I have been watching the Olympics. I have been looking at Mars. Both should make us feel good to be human animals, up on our hind legs, smiling, delighted.

The Mars Rover, which successfully landed on Monday in the technological equivalent of a theatrical star-turn on stage, is a self-contained, one ton vehicle composed of analytic tools, and is the most sophisticated exploratory device created by the human race.

The title of this photo as written by some one from NASA is Curiosity looks away from the Sun. Once we personify the machine, poetry follows.

The successful journey to and landing on Mars is only the beginning. The Rover, aptly named Curiosity, has the tools necessary to figure out whether life might have existed there; that is the story which may change everything, the story that could lift us above all of our more transitory worries.

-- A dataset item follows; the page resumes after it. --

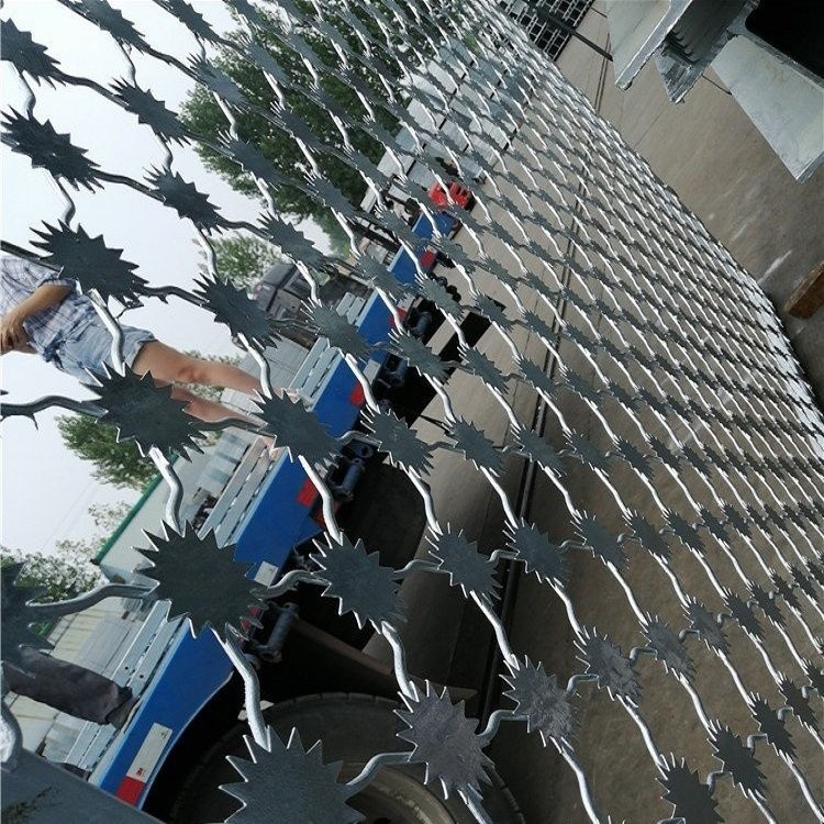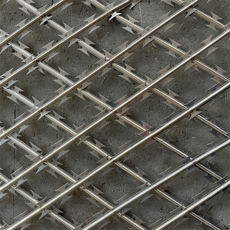 監獄看守所焊接刀片隔離網生產圖樣  監獄巡邏道鋼網墻簡稱“監獄鋼網墻”

Romance is at the center of our attention to Mars – the romance of discovery, of risk-taking, of exploration, the romance of wonder, that most transcendent of emotions.  Curiosity’s photos transport us to the surface of Mars and through its marvelous eyes, we will travel with her over 12 miles of Martian terrain in two years.    Mars Landing

Curiosity will hum along at a top speed of one/tenth of a mph and will stop every few feet to gauge its path. For Curiosity, slow equals smart.

On all planets speed = distance over time, and there is no person on earth comparable to Usain Bolt in the active expression of that equation. With medals on the line, he ran at 27 mph. He covered 100 meters or 328 feet in 9.63 seconds. With every second that ticked away, he traveled 34 feet. For a long time to come, in my mind’s eye I will carry images of his enormous stride and focused strength; he looked like a man who had just discovered that he might actually be a god.

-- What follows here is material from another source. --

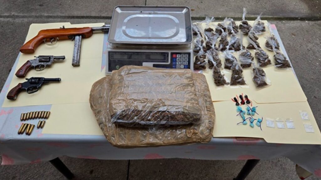 •Las diligencias arrojaron el decomiso de marihuana, probables dosis de “cristal” y armas de fuego.

So many images of sublime effort and grace — the American women gymnasts flying off the vault and impossibly twisting above the crowd faster than the eye could follow; the Dutch gymnast whose three releases in a row on the high bar made him look like a falcon sporting in the air; the heavyweight Iranian, like a giant from an N.C Wyeth illustration, lifting over 540 pounds above his head, his body surging up as if rising from the earth; the beach volleyball team of Treanor and Jennings diving and blocking, seamlessly tethered to each other’s movements as if connected by strands of silk; the Ethiopian and Kenyan distance runners, stoically pushing to higher and higher levels of endurance.

The Olympics give us human beings of all colors and nations, of so many sizes and creeds but each attempting the same things — challenging the laws of physics, straining muscles to their breaking point, making the heart beat so fast and hard that the chest wall pushes outward, learning to lift up from the earth as if supernaturally free, defying gravity, all striving heroically against the frailty of their flesh.

We should give our species credit when our achievements show us at our very best as they do in the mechanized and yet dreamy brilliance of Curiosity and in the wonderous, mortal brilliance of Olympians.

Sometimes now when I train Wolfie in the back yard in the evening, lumbering like a crippled seal after him as he dashes to his toys, Wubba or Squeaker or Rope, I narrate our journey aloud, and in a continuous patter declare, “Usain Bolt is leaping off the earth, he’s levitating, but here comes the Wolf … oh … oh … it’s going to be tight, the Wolf is closing the gap, and at the line it’s ….” Oh, the joys of living through another, of imagining oneself as light-streams in human form coursing across the planet.